Exercise instructions:
The reply must contain exactly the lines below from the one with "La gobernadora Marina" down to the one with "Click OK to", both included, and nothing more; please omit the pictures.

(Saved entries)
# # # # # # #
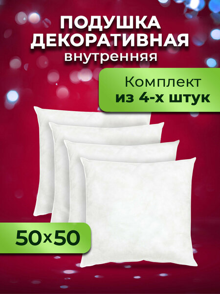 Подушки декоративные российского бренда OL-Tex это идеальный вариант для декорирования интерьера. Просто меняйте декоративные наволочки и создавайте новые акценты в интерьере! Мы изготовили внутренние подушки из мягкого нетканого белого спанбонда, и наполнили их легким силиконизорованным волокном. Подушки 50*50 сохраняют форму и объем на протяжении всего использования, не впитывают пыль и запахи, устойчивы к размножению бактерий. Они подходят для дома и дачи, спальни, гостиной и детской, путешествий и отдыха на природе. Легкие и упругие, эти изделия можно использовать как подушки для сна, подушки на диван или стулья. В комплекте 4 шт. Размер каждой подушки 50х50 см. Подушки 50х50 упакованы под пресс и принимают форму в течение нескольких часов. После распаковки рекомендуем слегка взбить и оставить на горизонтальной поверхности не менее чем на 40 минут. Рекомендации ПО уходу: машинная стирка в деликатном режиме при температуре не выше 30 градусов. Сушка при комнатной температуре. Оставьте изделие в расправленном виде на горизонтальной поверхности до полного высыхания или высушите в сушильной машине на низкотемпературном режиме. Мы не рекомендуем применять химические отбеливатели, гладить или отпаривать. Подушки декоративные 50 50 станут отличным подарком родным и близким к любому празднику! Другие модели интерьерных подушек, а также широкий выбор текстиля для дома представлены в нашем магазине. Создайте уют и неповторимый стиль вместе с Oltex! Залогом уюта и комфорта у вас в доме являются правильно подобранные предметы домашнего текстиля: подушки, одеяла, комплекты постельного белья, пледы, покрывала и т. д. При выборе подушки следует обратить внимание на следующие параметры: вид наполнителя: пуховые (перовые, пух-перо, гусиное, венгерское и канадское), полушерстяные или шерстяные (овечья, монгольский и австралийский верблюд, меринос), с растительным наполнителем (шелковые шелкопряд, из искусственных тканей, типа вискозы, бамбук, бамбуковое волокно, эвкалипт, эвкалиптовое волокно, лен), с синтетическим наполнителем (синтепон, полиэфирное волокно, холлофайбер, микрофибра, синтетический лебяжий пух). Подушка легко впишется в интерьер любой комнаты, будь то взрослая или детская комната вашей квартиры, а также послужит прекрасным подарком лучшей подруге, девушке, парню, маме, папе, сестре, брату, учителю, другу, родителям, воспитателю, коллеге на Новый год, 8 Марта, выпускной, День матери, 14 февраля, 23 Февраля, юбилей, годовщину.
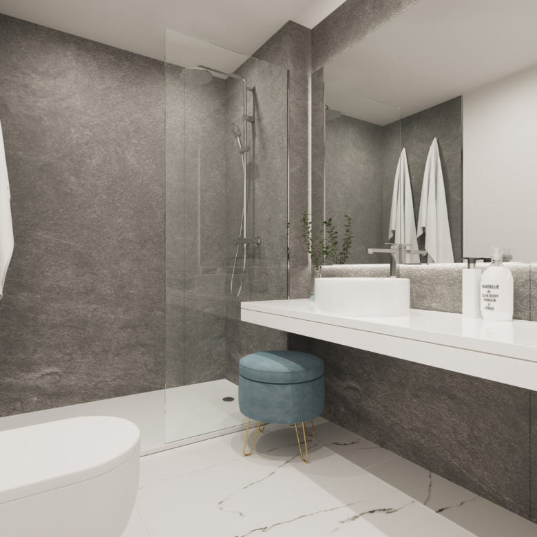 The interiors of the homes in Casares Costa are designed to offer maximum comfort and functionality. With a layout that includes two bedrooms and two bathrooms, each space is optimized for modern living. The porcelain tile floors add a touch of elegance and are easy to maintain. The inclusion of modern appliances ensures that the kitchens are ready for use from day one. Built-in wardrobes offer practical storage solutions, keeping spaces clear and organized. The video intercom adds an additional level of security and convenience, allowing residents to efficiently control access to their homes. These interior features ensure that each home is a welcoming and functional retreat.
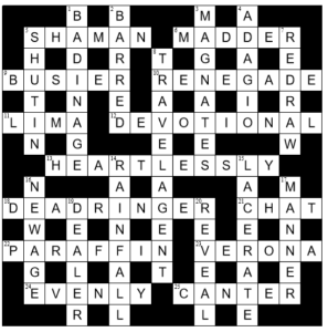I didn’t know MADDER was a plant. Ven/archdeacon eluded me. And I can’t believe that I couldn’t parse CANTER. D’oh!
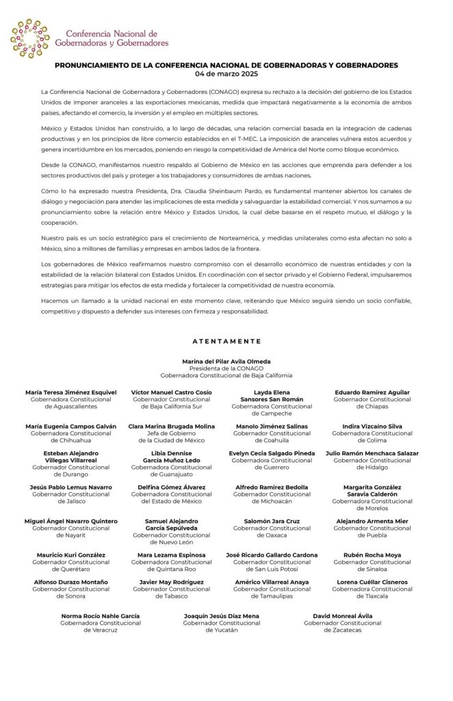 La gobernadora Marina del Pilar expresó su solidaridad con la presidenta Claudia Sheinbaum, ante la imposición de aranceles por parte del gobierno de Estados Unidos.
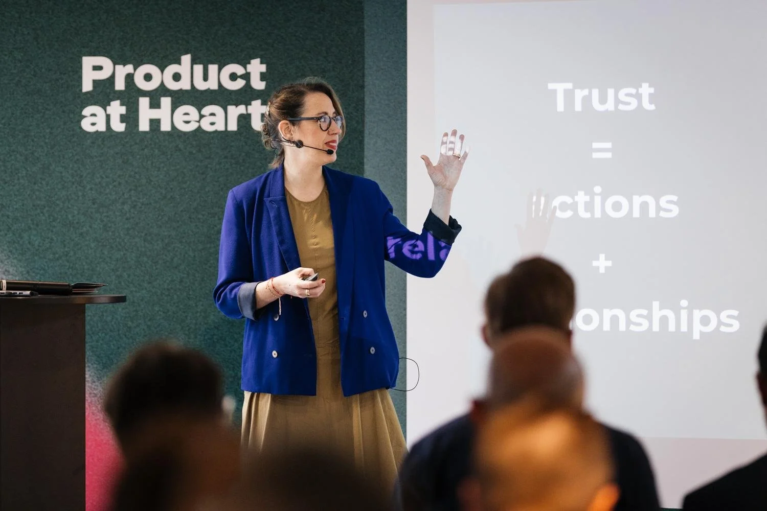 Lisa Kolbe and André Hubert called out some of the contradictions that product leaders often present—even if they don’t intend to. Things like saying that you empower your team, when really you end up giving in to pressure from stakeholders or internal friction. But this session wasn’t about judgment—it was designed to help attendees move beyond the “say–do” gap and navigate these challenges with integrity and less stress.
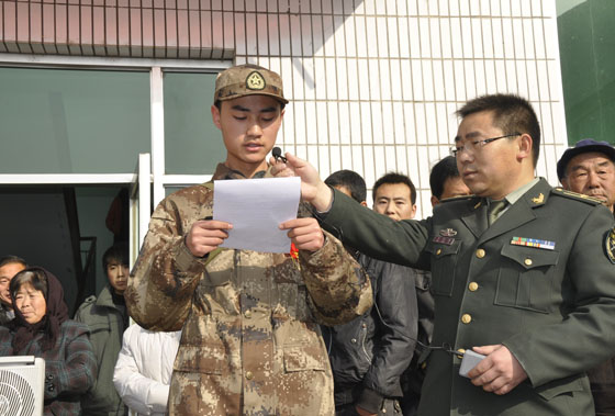 副縣長羅增芳向積極應(yīng)征報名、光榮參軍入伍的新兵同志表示最熱烈的祝賀。向踴躍送子參軍、支持國防建設(shè)的新兵家長致以崇高的敬意。在表示祝賀的同時,他希望入伍新兵在踏入軍營后,要以部隊為家,安心服役,愛軍習(xí)武,無私奉獻,盡快完成從地方青年向合格軍人的轉(zhuǎn)變,邁好軍旅生涯的第一步;要加強政治理論學(xué)習(xí),自覺學(xué)習(xí)實踐科學(xué)發(fā)展觀,不斷培育當(dāng)代革命軍人核心價值觀,努力提高思想政治覺悟,確保政治上的堅定;要服從命令,聽從指揮,嚴(yán)守紀(jì)律,培養(yǎng)和造就優(yōu)良的品質(zhì)和作風(fēng),爭做“政治合格、軍事過硬、作風(fēng)優(yōu)良、紀(jì)律嚴(yán)明”的優(yōu)秀戰(zhàn)士,自覺獻身國防事業(yè),為保衛(wèi)祖國貢獻青春和力量,以優(yōu)異的成績向家鄉(xiāng)人民匯報,為家鄉(xiāng)人民爭光。
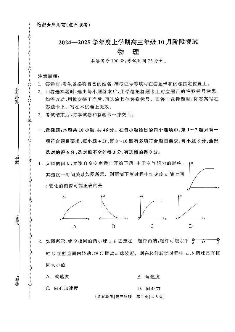 辽宁省点石联考2024-2025学年度高三上学期年级10月阶段考试物理试题
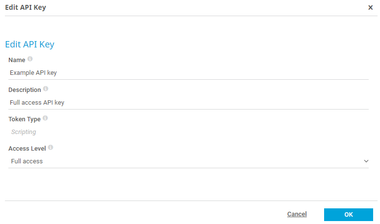 Click OK to save your settings, or click Cancel to close the dialog box without creating an API key.
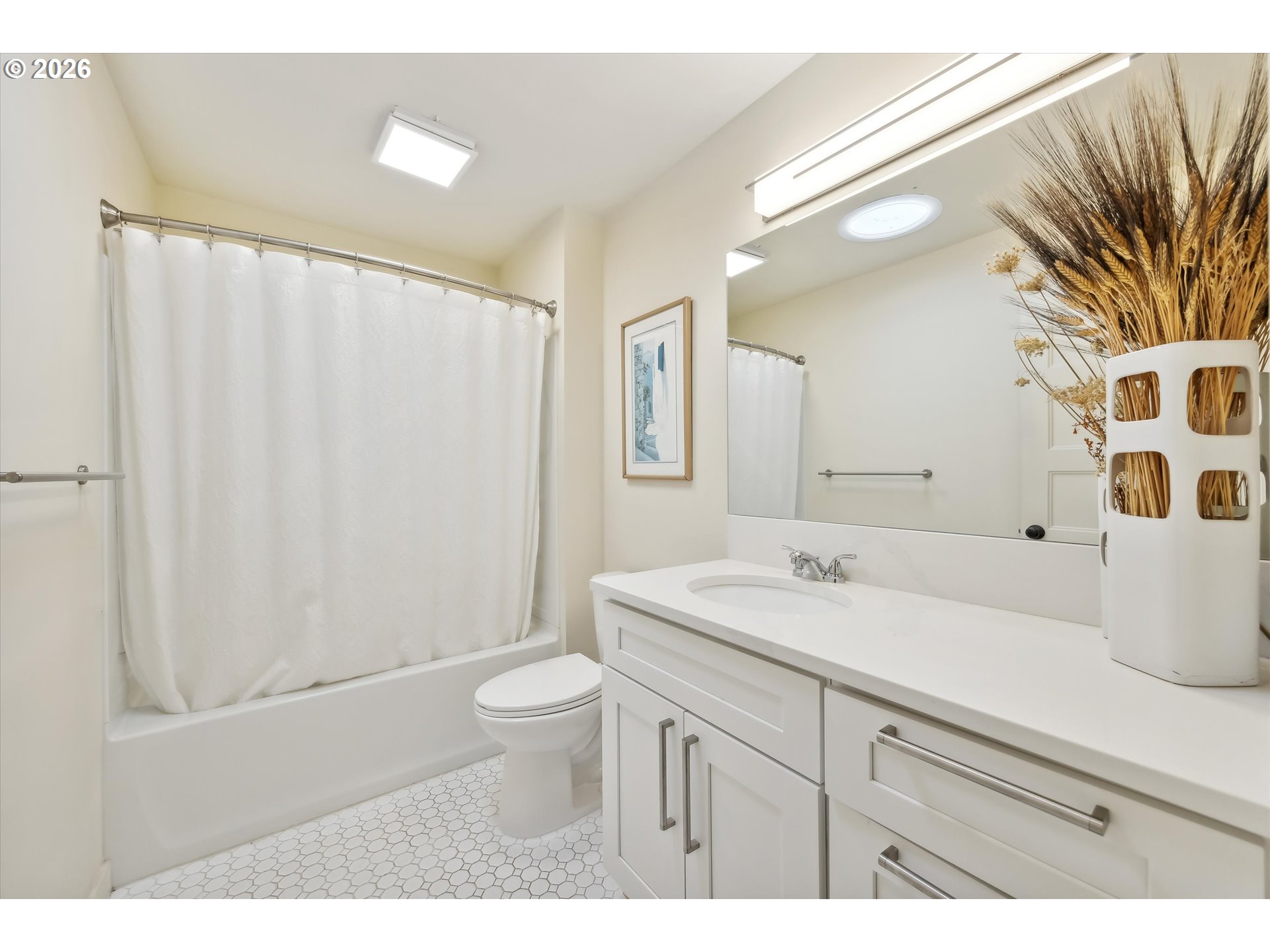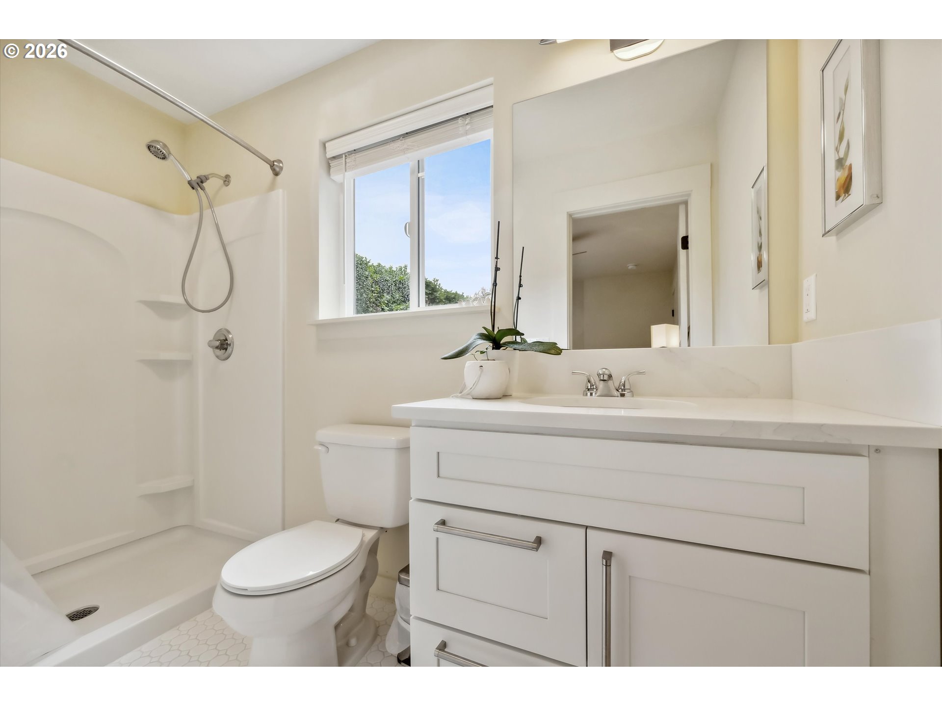 Modern University Park Home remodeled in 2018. This light-filled home offers easy one-level living with an open floor plan, engineered wood floors, and a seamless flow between the living, dining, and kitchen spaces. The kitchen features quartz countertops, stainless steel appliances, and a large island —perfect for everyday living and entertaining — with direct access to the spacious backyard.The primary bedroom is a true suite with a walk-through closet and private bathroom, complemented by three additional bedrooms and two full baths.The lower level provides generous storage space. Situated on a quiet street with alley access. The large backyard offers room to relax, entertain, or explore future ADU potential. Conveniently located with access to the University of Portland and a variety of amenities, including New Seasons, restaurants, and more. [Home Energy Score = 8. HES Report at https://rpt.greenbuildingregistry.com/hes/OR10123489]
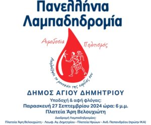 Ο Δήμος Αγίου Δημητρίου συμμετέχει στην 22η Πανελλήνια Λαμπαδηδρομία Εθελοντών Αιμοδοτών, στο πλαίσιο της οποίας θα υποδεχτεί στην πόλη τη
# # # # # # #
Answer section:
 La gobernadora Marina del Pilar expresó su solidaridad con la presidenta Claudia Sheinbaum, ante la imposición de aranceles por parte del gobierno de Estados Unidos.
 Lisa Kolbe and André Hubert called out some of the contradictions that product leaders often present—even if they don’t intend to. Things like saying that you empower your team, when really you end up giving in to pressure from stakeholders or internal friction. But this session wasn’t about judgment—it was designed to help attendees move beyond the “say–do” gap and navigate these challenges with integrity and less stress.
 副縣長羅增芳向積極應(yīng)征報名、光榮參軍入伍的新兵同志表示最熱烈的祝賀。向踴躍送子參軍、支持國防建設(shè)的新兵家長致以崇高的敬意。在表示祝賀的同時,他希望入伍新兵在踏入軍營后,要以部隊為家,安心服役,愛軍習(xí)武,無私奉獻,盡快完成從地方青年向合格軍人的轉(zhuǎn)變,邁好軍旅生涯的第一步;要加強政治理論學(xué)習(xí),自覺學(xué)習(xí)實踐科學(xué)發(fā)展觀,不斷培育當(dāng)代革命軍人核心價值觀,努力提高思想政治覺悟,確保政治上的堅定;要服從命令,聽從指揮,嚴(yán)守紀(jì)律,培養(yǎng)和造就優(yōu)良的品質(zhì)和作風(fēng),爭做“政治合格、軍事過硬、作風(fēng)優(yōu)良、紀(jì)律嚴(yán)明”的優(yōu)秀戰(zhàn)士,自覺獻身國防事業(yè),為保衛(wèi)祖國貢獻青春和力量,以優(yōu)異的成績向家鄉(xiāng)人民匯報,為家鄉(xiāng)人民爭光。
 辽宁省点石联考2024-2025学年度高三上学期年级10月阶段考试物理试题
 Click OK to save your settings, or click Cancel to close the dialog box without creating an API key.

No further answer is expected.